Research on cardiovascular risk calculators suggests that, despite their widespread use, they have little impact on understanding of risk, motivation, or health behaviours. Possible reasons for this finding include a simple lack of understanding on the part of users, or psychological defensive mechanisms protecting the user from challenging information. We therefore undertook a qualitative study exploring users’ cognitive and emotional reactions to a newly developed cardiovascular risk calculator for people with type-2 diabetes.
Objective:
To determine the cognitive and emotional reactions to a cardiovascular risk calculator and support package developed for people with type 2 diabetes.
Methods:
The risk calculator was evaluated against a checklist of best practice in conveying risk following a review of the literature. Two focus groups (16 participants with type-2 diabetes) were conducted to gauge acceptability of the content and presentation. One-to-one interviews (data collection ongoing) were conducted to explore users’ cognitive and emotional reactions as they were using the risk calculator and immediately afterwards. All participants were adults with type 2 diabetes.

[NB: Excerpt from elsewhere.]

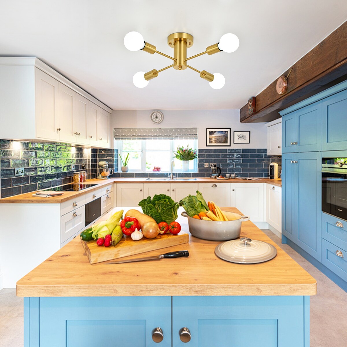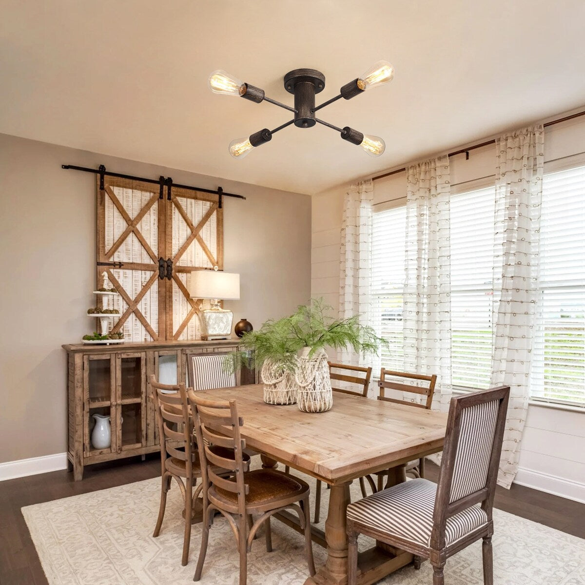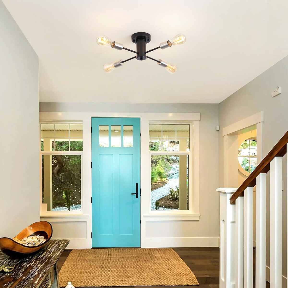 Plafonnier semi-encastré industriel à 4 lampes pour cuisine, salle à manger, chambre à coucher, bureau, salon - N/A

Purposive sampling was used to recruit a varied sample in terms of gender, age, ethnicity, length of time since diagnosis, and internet use.
Results:
Evaluating the risk calculator against the best-practice checklist and focus group feedback identified several areas for improvement including better explanation of medical terms, displaying normal values, and altering the user journey. Cognitive and emotional reactions to the risk calculator included scepticism about its validity, demotivation, and relief.
Conclusions:
Adhering to best practices in risk communication and ensuring that users understand their individual risk are essential features of a risk calculator. However, conveying individual risk does not necessarily motivate or translate into behaviour change. This study has demonstrated the range of responses that people with type 2 diabetes have to cardiovascular risk calculators. These help to explain why risk calculators have not been shown to lead to behaviour change. Understanding how people respond when they use risk calculators can guide the development of next-generation risk calculators. One area for further research is to find ways to explain risk that bypass psychological defence mechanisms thus allowing risk information to be taken on-board without provoking undue anxiety.